The reply should contain all the data below, repeated exactly, and none of the images.

**Data under study**

----

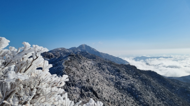 지리산국립공원 촛대봉에서 바라본 봄 설경. 3월 2일 약 7cm의 눈이 내린 가운데 상고대와 운해가 어우러지며 세석평전과 천왕봉 일대가 장관을 이루고 있다.
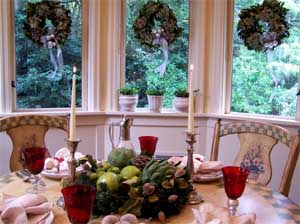Want something really easy and environmentally chic? Grab some fruit and vegetables! Toss your artichokes or apples in the center of a holiday wreath placed on your table, or fill an apothecary jar with red and green apples for an instant organic display. That’s it! Having a centerpiece you can eat is VERY Martha. She is always multi-tasking.
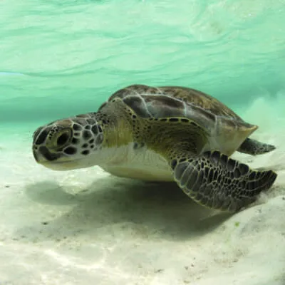 The range of the green sea turtles extends through most tropical and subtropical oceans in the world. The Gulf of Mexico and the Caribbean Sea is home to the Atlantic subpopulation – where they live in shallow waters and travel through costal inlets, bays, and estuaries.
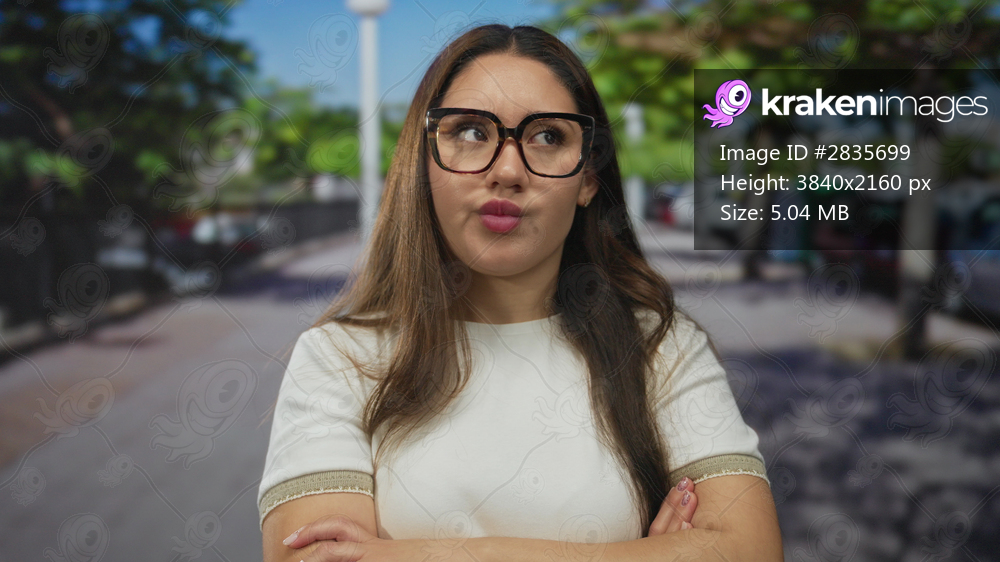 Woman wearing glasses and white shirt crosses arms on street amid parked cars and trees; rejection.
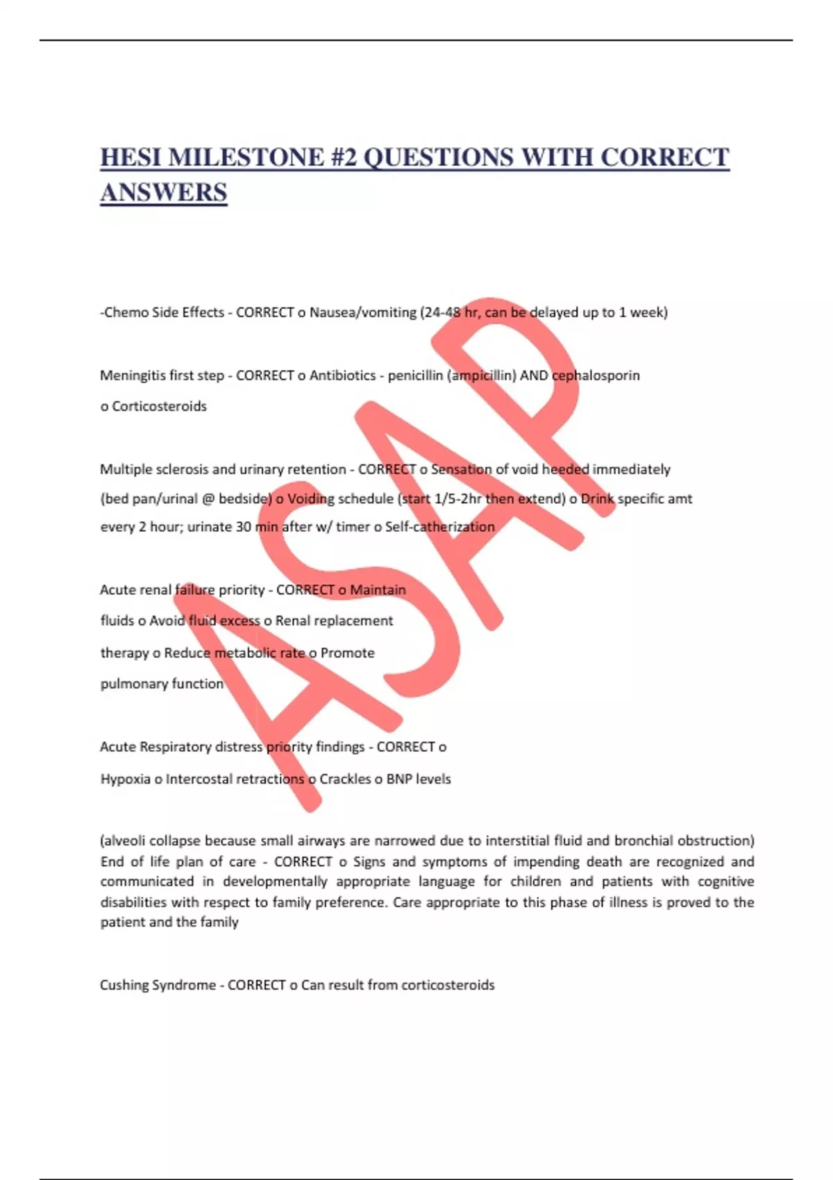 HESI MILESTONE #2 QUESTIONS WITH CORRECT ANSWERS
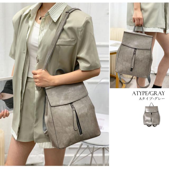 外側:前面ファスナーポケット×1/背面隠しファスナーポケット×1/マグネット付きフラップ&ファスナー式開口
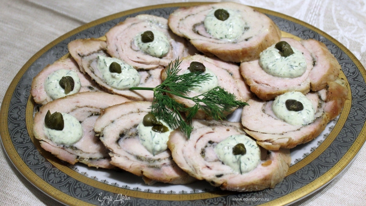 Хочу вам предложить сразу два рецепта — рецепт рулета из филе индейки и пикантный соус с каперсами на основе майонеза ТМ «Слобода»
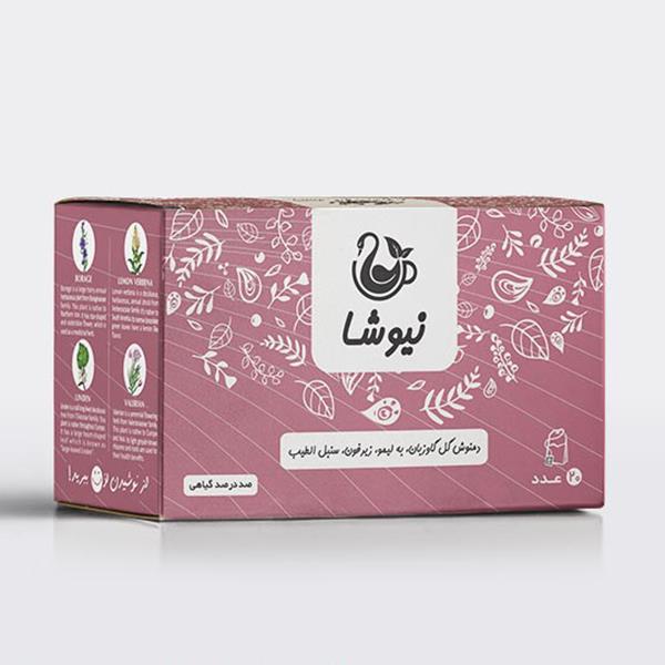 مشخصات فنی دمنوش گل گاوزبان به لیمو زیرفون سنبل الطیب کیسه ای نیوشا

----

**Reply to the exercise**
 지리산국립공원 촛대봉에서 바라본 봄 설경. 3월 2일 약 7cm의 눈이 내린 가운데 상고대와 운해가 어우러지며 세석평전과 천왕봉 일대가 장관을 이루고 있다.
Want something really easy and environmentally chic? Grab some fruit and vegetables! Toss your artichokes or apples in the center of a holiday wreath placed on your table, or fill an apothecary jar with red and green apples for an instant organic display. That’s it! Having a centerpiece you can eat is VERY Martha. She is always multi-tasking.
 The range of the green sea turtles extends through most tropical and subtropical oceans in the world. The Gulf of Mexico and the Caribbean Sea is home to the Atlantic subpopulation – where they live in shallow waters and travel through costal inlets, bays, and estuaries.
 Woman wearing glasses and white shirt crosses arms on street amid parked cars and trees; rejection.
 HESI MILESTONE #2 QUESTIONS WITH CORRECT ANSWERS
 外側:前面ファスナーポケット×1/背面隠しファスナーポケット×1/マグネット付きフラップ&ファスナー式開口
 Хочу вам предложить сразу два рецепта — рецепт рулета из филе индейки и пикантный соус с каперсами на основе майонеза ТМ «Слобода»
 مشخصات فنی دمنوش گل گاوزبان به لیمو زیرفون سنبل الطیب کیسه ای نیوشا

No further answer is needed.